05. III [III - The Ritual] (2015)
If you need proof that films don't really need a big budget, look no further than Pavel Khvaleev's III. This young Russian DJ/producer is a self-thought director, but delivers one of the most impressive horror/mysteries of the past few years. Wildly imaginative, visually gorgeous and creative in its solutions to deal with its limited budget, the film is a testament to how vision and talent can make up for lack of funding. An amazing film and I'm happy to report that Khvaleev is already working on his next film.

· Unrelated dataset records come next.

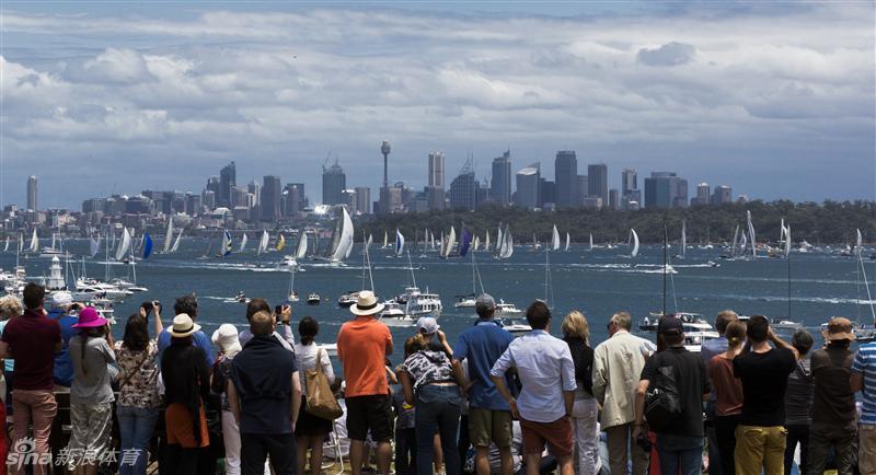 新浪体育讯 悉尼当地时间12月26日下午13时,第68届劳力士悉尼霍巴特帆船赛正式开赛。前一日,悉尼的天空还阴雨绵绵,天气预报对今天的天气估测也并不乐观。果然一大早,天空还并未晴朗,但是雨总算是停了。但到了中午,突然阳光明媚起来,温度也随之上升,但是港口的风速却并未减小,这就是帆船比赛最理想的天气状况。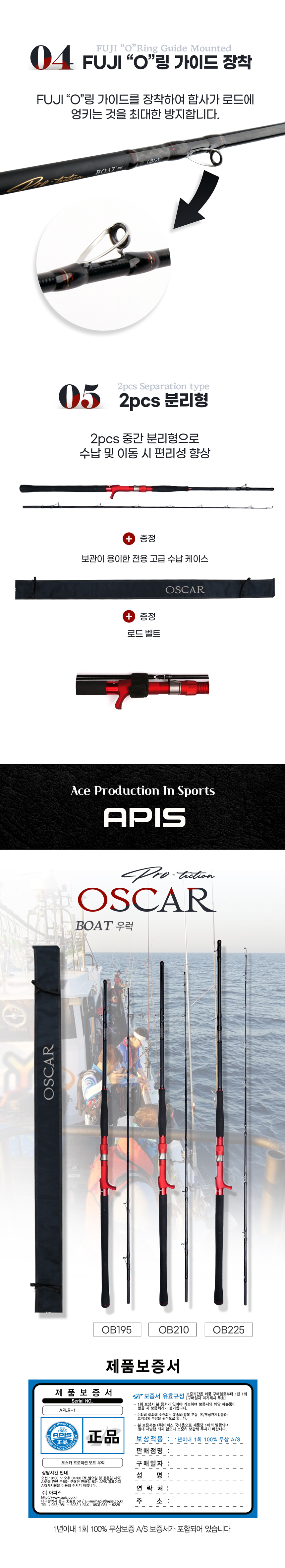 아피스 오스카 프로텍션 보트 우럭 / 선상 우럭 열기 대구 지깅 침선 어초 낚시대 우럭대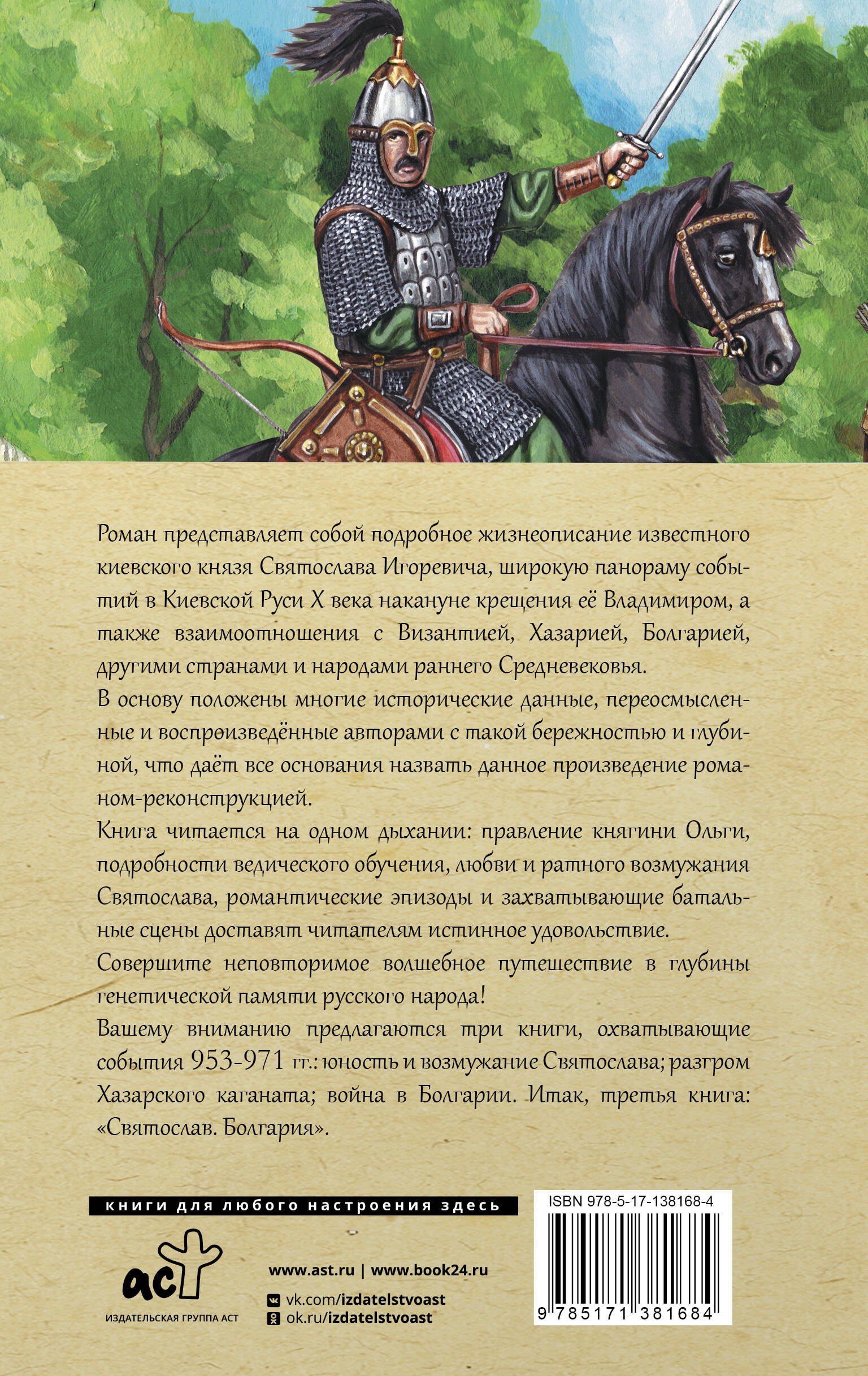 Валентин и Юлия Гнатюк, авторы ряда книг на древнеславянскую тематику, среди которых замечательная трилогия о его внуке князе Святославе Хоробром. Увлекательная правдивая история о князе Cвятославе читается на одном дыхании. В основу положены многие исторические данные, переосмысленные и воспроизведённые авторами с такой бережностью и глубиной, что даёт все основания назвать данное произведение романом-реконструкцией.Факты, описанные в книге, в школьной программе не упоминаются. Интересна для углубленного понимания истории славян.| Издательство | ИЗДАТЕЛЬСТВО "АСТ" |

04. Pusong Wazak! [Ruined Heart] (2014)
When Tadanobu Asano signs up for a Pan-Asian project, you better take notice. Luckily for me Third World Films did, otherwise I would've completely missed Khavn's Pusong Wazak! With the help of Christopher Doyle behind the camera and Asano in the lead, Khavn delivers a classy, off-center and fizzling film that defies description. It's pretty experimental and freeform, but I'm quite certain that those with a taste for originality won't be disappointed.
03. Shoto Pisu [Short Peace] (2013)
It took me a while to finally catch up with Shoto Pisu, but boy was it worth the wait. I'm pretty big on anthology projects, especially when they're comprised of anime shorts. Somehow these films always end up being a playground for trying out new and original styles of animation. Shoto Pisu is no exception. It's bloody gorgeous, really creative and offers plenty of variety. None of the shorts are disappointing, with the final one being just absolutely mind-blowing.
02. Hardcore Henry (2015)
Remember the insanity that was Crank (and its sequel)? You've been craving something equally insane and adrenaline-inducing? Well, it's Russia to the rescue. Ilya Naishuller delivers the most manic actioner in years. Entirely shot from a first person perspective, this blend of action, scifi and fantasy thunders on from start to finish. It's probably a bit much for some people and if you're looking for a solid plot there won't be much here for you, but those yearning for an immersive roller coaster ride will find themselves overwhelmed.
01. Kizumonogatari I: Tekketsu-hen (2016)
Japanese animation is going through some rough times, but there are shimmers of hope. Kizumonogatari is a film not unlike Furi Kuri. There is no fixed visual style, no obvious storyline, but there is a rhythm and a deeply rooted passion for creativity and originality. The film may be a bit easier to grasp for those who saw the preceding TV series, but they are by no means a prerequisite to enjoying this 64-minute long work of art. And best of all, there are two more films in the works.